The data enhancement method in step 1 comprises the following steps:

(1) Random scaling

The random scaling refers to multiplying the data of the sample by one number so as to generate new data, and in intelligent fault diagnosis, the random scaling can increase the diversity of the data, effectively enlarge a training data set, improve the adaptability of the model to the sample value, and simultaneously can alleviate the fitting problem and improve the generalization capability of the model.

（1）

Wherein,βto follow Gaussian distributionN(1, 0.01).

(2) Random cutting

Random clipping refers to multiplying each point of sample data by a number that is randomly 0 or 1, thereby generating a new sample. In intelligent fault diagnosis, random cutting can increase the diversity of data, improve the adaptability of the model to sample value deficiency, enlarge the training data set and improve the robustness and generalization capability of the model.

（2）

Wherein,maskrepresenting random willxMultiplied by zero.
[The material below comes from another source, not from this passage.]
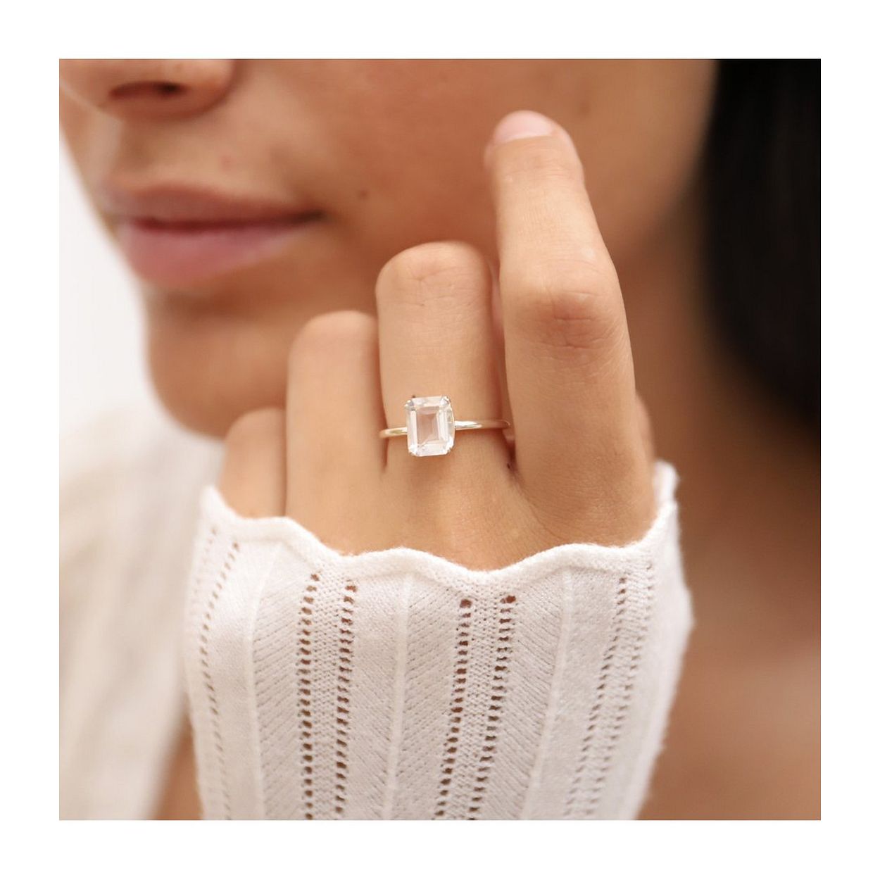 24Kae Ring met rechthoekige steen - 925 Sterling zilver gerhodineerd 12409S

(3) Random addition of gaussian noise

Random addition of gaussian noise means adding random noise conforming to a gaussian distribution to a signal. In intelligent fault diagnosis, gaussian noise is randomly added to simulate noise and interference in an actual signal, so that the tolerance of a model to the noise and the interference is increased, and the robustness and generalization capability of the model are improved.

（3）

Wherein,nis a AND conforming to Gaussian distributionxAnd (5) a vector with the same dimension.

In step 3, BN, GN, reLU, GELU is represented as follows:

(1) In a one-dimensional convolution layer, each input has three dimensions [ N, C, H ], representing the number of samples, the channel (convolution kernel), and the height (sample length), respectively. Wherein BN operation is represented as follows:

；

wherein the method comprises the steps ofAnd->Representing the>The observed input and output characteristics. />And->Is two trainable parameters for adjusting the distribution. />Is a constant that tends to zero.

(2) GN solves the problem of too much dependency of BN on batch size. Normalized set of GNS _i The expression is as follows:

here, theGIs the number of groups of the optical fiber,Cis the number of channels.C/GThe number of channels per group is indicated.Is a rounding down operation.

(3) The ReLU activation function is expressed as follows:

；

representing a ReLU activation function; />Representing larger values of y=0 and y=x.

(4) The GELU activation function is expressed as follows:

；

wherein the method comprises the steps ofIs->To facilitate code implementation, the gel activation function may be approximated using the following equation:

；

in step 3, the self-calibrating attention module is represented as follows:

self-calibrating attention module convolution improves the feature transformation process of traditional convolution to improve the overall performance of the model, taking into account the inherent multi-scale nature of the input data. The model performs feature extraction on the features on a smaller resolution scale so as to reduce interference of useless information on fault feature information and improve the capability of the model for extracting useful fault information in a smaller sample size. The specific structure of the self-calibration attention module is shown in fig. 2.

The self-calibration attention module convolution improves the feature conversion process of the traditional convolution in consideration of the inherent multi-scale characteristics of the input data, and improves the overall performance of the model without adding additional parameters and complexity. By means of convolution feature conversion in two different scale spaces, fault feature extraction capacity of the model under the condition of small samples is improved, the method comprises an original scale space and a self-correction scale space with smaller resolution, and the specific steps of self-correction convolution are divided into the following 5 steps:

(1) Splitting the input feature into two equal parts according to the number of channels, and recording asThe method comprises the steps of carrying out a first treatment on the surface of the Splitting the convolution kernel K into 3 parts of the same dimension, denoted +.>；

(2) Processing the original scale feature space, and inputting the feature X ₁ Through K ₁ Convolving to obtain a feature Y1;

(3) Processing the self-correction scale space to obtain a characteristic X ₂ Input into two channels with different resolutions, reducing the resolution by 4 times in the width direction of the input feature, and pooling the input feature X by averaging ₂ Performing downsampling conversion into low-dimensional embedding to correct convolution transformation of the high-resolution partial convolution kernel;

(4) The extracted features are rolled and up-sampled, and then output after ReLU function calculation, and the output of ReLU calculation and K are calculated ₃ The characteristic after convolution extraction is corrected to obtain the output characteristic Y of the self-correcting part ₂ The operation is as follows:

；

(5) Fusing two scale space output features Y ₁ And Y ₂ And obtaining a final output characteristic Y through group normalization GN and GELU activation function calculation.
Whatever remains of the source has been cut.